Entries shown
____________________

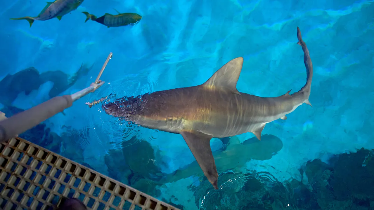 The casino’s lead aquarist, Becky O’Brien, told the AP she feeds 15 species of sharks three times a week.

____________________

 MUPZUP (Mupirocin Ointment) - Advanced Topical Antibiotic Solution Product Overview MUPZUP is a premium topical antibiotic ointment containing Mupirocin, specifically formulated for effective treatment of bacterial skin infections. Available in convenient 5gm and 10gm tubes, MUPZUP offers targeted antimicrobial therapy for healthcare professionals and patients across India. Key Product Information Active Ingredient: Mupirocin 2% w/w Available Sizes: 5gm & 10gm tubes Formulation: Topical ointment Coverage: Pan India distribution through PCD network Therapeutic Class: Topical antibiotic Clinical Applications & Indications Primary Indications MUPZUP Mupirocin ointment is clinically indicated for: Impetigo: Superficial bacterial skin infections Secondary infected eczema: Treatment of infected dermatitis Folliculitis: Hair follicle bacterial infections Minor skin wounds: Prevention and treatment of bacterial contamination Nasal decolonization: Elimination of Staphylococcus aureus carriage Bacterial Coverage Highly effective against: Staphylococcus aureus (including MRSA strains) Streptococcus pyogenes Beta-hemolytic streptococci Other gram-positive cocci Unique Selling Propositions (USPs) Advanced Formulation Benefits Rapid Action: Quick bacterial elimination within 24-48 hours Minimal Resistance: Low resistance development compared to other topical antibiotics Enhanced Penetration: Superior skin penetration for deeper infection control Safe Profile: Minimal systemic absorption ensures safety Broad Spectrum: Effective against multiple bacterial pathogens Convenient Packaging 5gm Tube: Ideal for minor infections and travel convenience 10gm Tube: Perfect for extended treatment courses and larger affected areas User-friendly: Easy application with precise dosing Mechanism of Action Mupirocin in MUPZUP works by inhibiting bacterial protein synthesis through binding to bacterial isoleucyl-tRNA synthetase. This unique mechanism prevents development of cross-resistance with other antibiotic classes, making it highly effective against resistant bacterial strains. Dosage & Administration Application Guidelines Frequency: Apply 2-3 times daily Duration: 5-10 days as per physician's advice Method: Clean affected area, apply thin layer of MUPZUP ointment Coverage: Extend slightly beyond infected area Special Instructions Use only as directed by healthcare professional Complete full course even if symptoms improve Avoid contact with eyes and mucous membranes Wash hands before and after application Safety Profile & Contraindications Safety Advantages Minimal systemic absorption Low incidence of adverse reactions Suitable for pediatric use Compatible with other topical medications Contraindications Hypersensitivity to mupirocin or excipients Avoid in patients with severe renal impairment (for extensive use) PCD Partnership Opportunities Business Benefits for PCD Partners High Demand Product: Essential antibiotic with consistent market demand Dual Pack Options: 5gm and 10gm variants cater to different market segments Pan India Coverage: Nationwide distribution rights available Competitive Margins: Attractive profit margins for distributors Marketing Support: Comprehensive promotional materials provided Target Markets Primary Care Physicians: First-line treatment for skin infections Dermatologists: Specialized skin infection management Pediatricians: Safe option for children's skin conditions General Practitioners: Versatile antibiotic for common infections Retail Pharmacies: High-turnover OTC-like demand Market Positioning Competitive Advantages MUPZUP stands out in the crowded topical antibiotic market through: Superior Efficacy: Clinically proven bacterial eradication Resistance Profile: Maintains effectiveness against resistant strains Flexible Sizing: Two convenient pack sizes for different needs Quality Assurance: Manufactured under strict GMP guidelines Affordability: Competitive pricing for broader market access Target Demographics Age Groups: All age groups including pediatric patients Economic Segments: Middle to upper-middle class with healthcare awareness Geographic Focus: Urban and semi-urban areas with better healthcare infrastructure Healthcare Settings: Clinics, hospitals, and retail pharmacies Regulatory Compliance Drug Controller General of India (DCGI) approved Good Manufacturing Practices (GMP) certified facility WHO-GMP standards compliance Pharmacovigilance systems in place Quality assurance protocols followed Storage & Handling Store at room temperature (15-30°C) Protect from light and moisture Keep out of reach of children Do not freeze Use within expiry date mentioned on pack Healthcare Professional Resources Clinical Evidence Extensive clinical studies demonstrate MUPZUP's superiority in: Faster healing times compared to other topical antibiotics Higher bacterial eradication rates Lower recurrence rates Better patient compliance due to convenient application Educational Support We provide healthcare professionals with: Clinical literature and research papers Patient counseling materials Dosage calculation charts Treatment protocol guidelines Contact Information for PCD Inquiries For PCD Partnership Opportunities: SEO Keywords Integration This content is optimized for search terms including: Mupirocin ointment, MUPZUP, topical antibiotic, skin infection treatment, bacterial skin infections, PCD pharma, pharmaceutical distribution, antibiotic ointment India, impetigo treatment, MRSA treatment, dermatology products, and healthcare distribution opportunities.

____________________

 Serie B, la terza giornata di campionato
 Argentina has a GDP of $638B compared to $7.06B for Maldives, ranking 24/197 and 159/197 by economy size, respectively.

____________________

Task details
The exact lines of the material above starting at the one that contains "Serie B, la terza giornata di campionato" and ending at the one that contains "Argentina has a" are what to retype; leave out everything else.

Answer section
 Serie B, la terza giornata di campionato
 Argentina has a GDP of $638B compared to $7.06B for Maldives, ranking 24/197 and 159/197 by economy size, respectively.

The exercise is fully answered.